Particle Residence Time in pulsatile post-stenotic flow

Abstract

Particle Residence Time (PRT), a measure of a fluid element’s transit time through a region of interest, is a clear indicator of recirculation. The PRT of fluid recirculating downstream of an idealized stenosis geometry is found to vary dramatically under pulsatile flow conditions. Two-dimensional particle tracking velocimetry is used to track particles directly as they exit the stenosis geometry and are entrained into the region of recirculation immediately downstream. A Lagrangian approach permits long pathlines to be drawn, describing each particle’s motion from the instant they enter the domain.

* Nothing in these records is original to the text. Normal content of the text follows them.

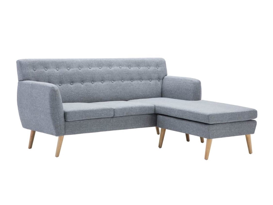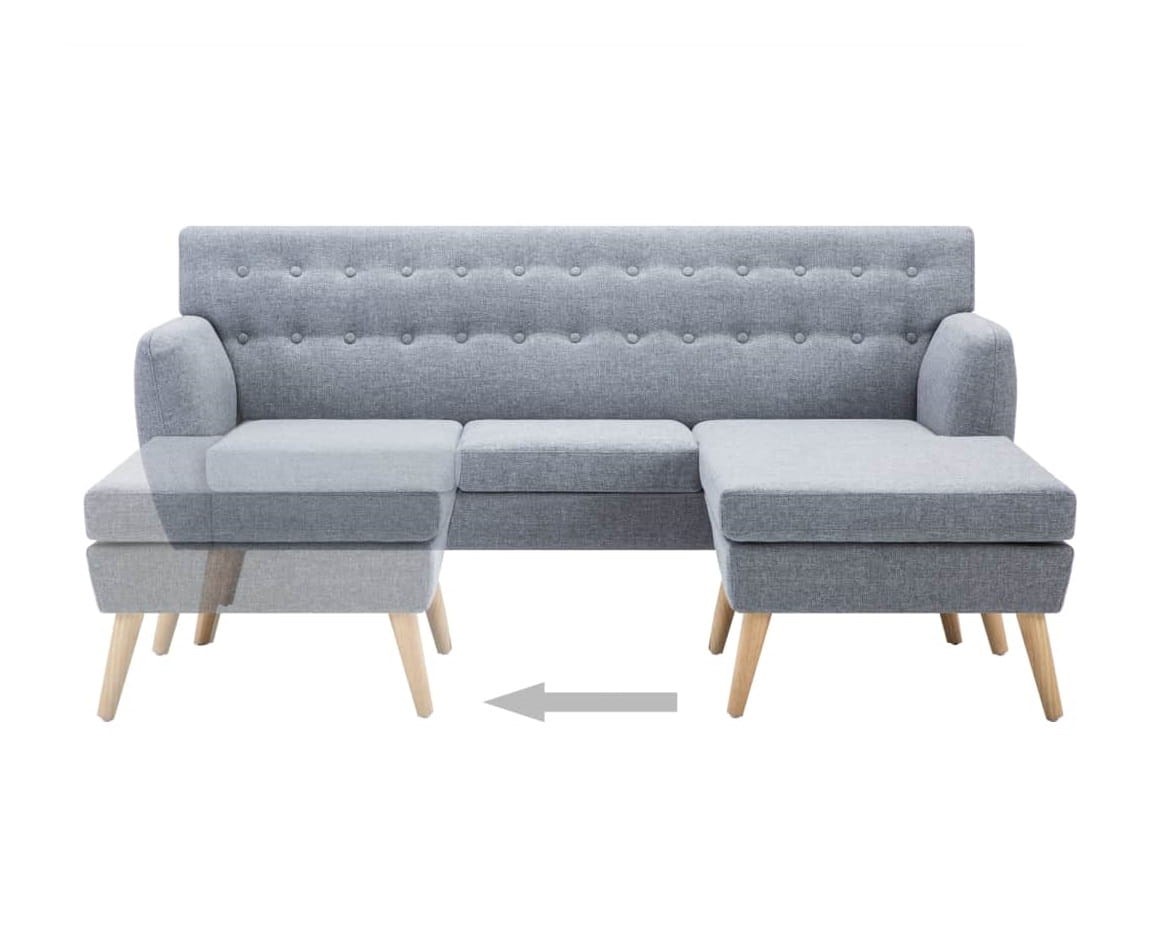 Jasnoszara kompaktowa sofa z leżanką na nóżkach
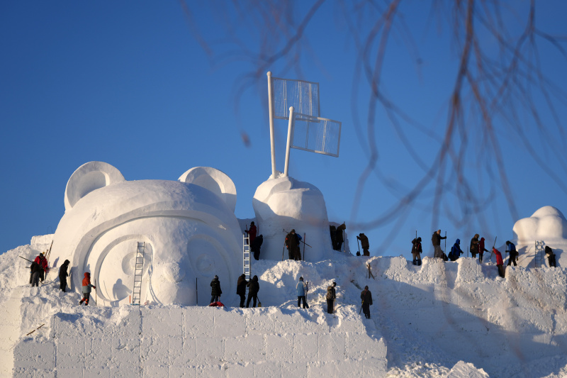Une sculpture sur neige lors de la 34e Exposition internationale d'art de sculpture sur neige de Sun Island, à Harbin, dans la province chinoise du Heilongjiang (nord-est), le 24 décembre 2021. - Photo : Wang Jianw
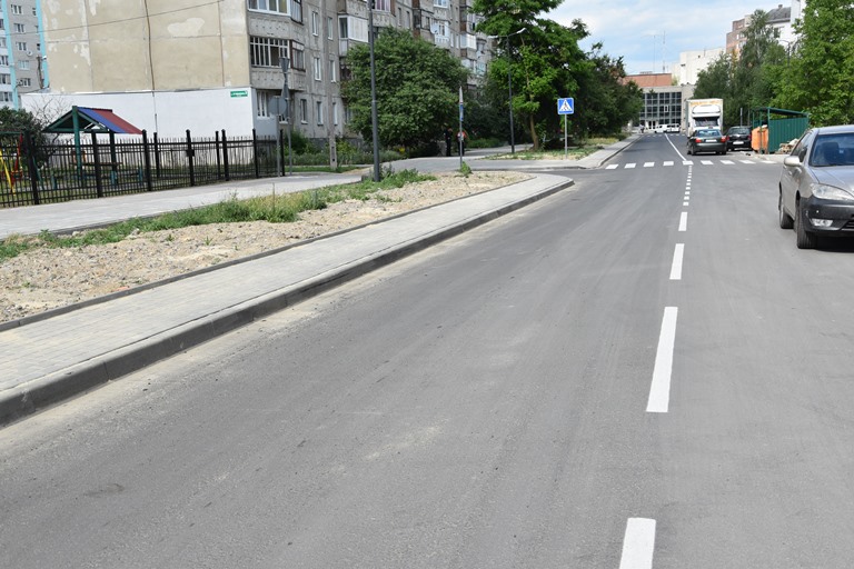 от на вулиці Агатангела Кримського уже всюди новеньке асфальтне покриття,

PRT along each pathline is compared here for three mean Reynolds numbers; specifically, Rem = 4800, 9600, and 14 400. The pulsatile waveforms are characterized by Strouhal numbers of 0.04, 0.08, and 0.15 and amplitude ratios of 0.50 and 0.95. As the mean Reynolds number is increased, higher fluid velocities are shown to lower PRT. However, the strength of PRT is truly revealed when highlighting the influence pulsatility has on the degree of mixing beyond the stenosis throat. Higher Strouhal numbers correlate with roll-up across the shear layer and increased PRT distribution at all Reynolds numbers in consideration. Similarly, strong temporal velocity gradients generated by a high amplitude ratio carry large volumes of fluid from the jet deep into the recirculation region, contributing to greater PRT.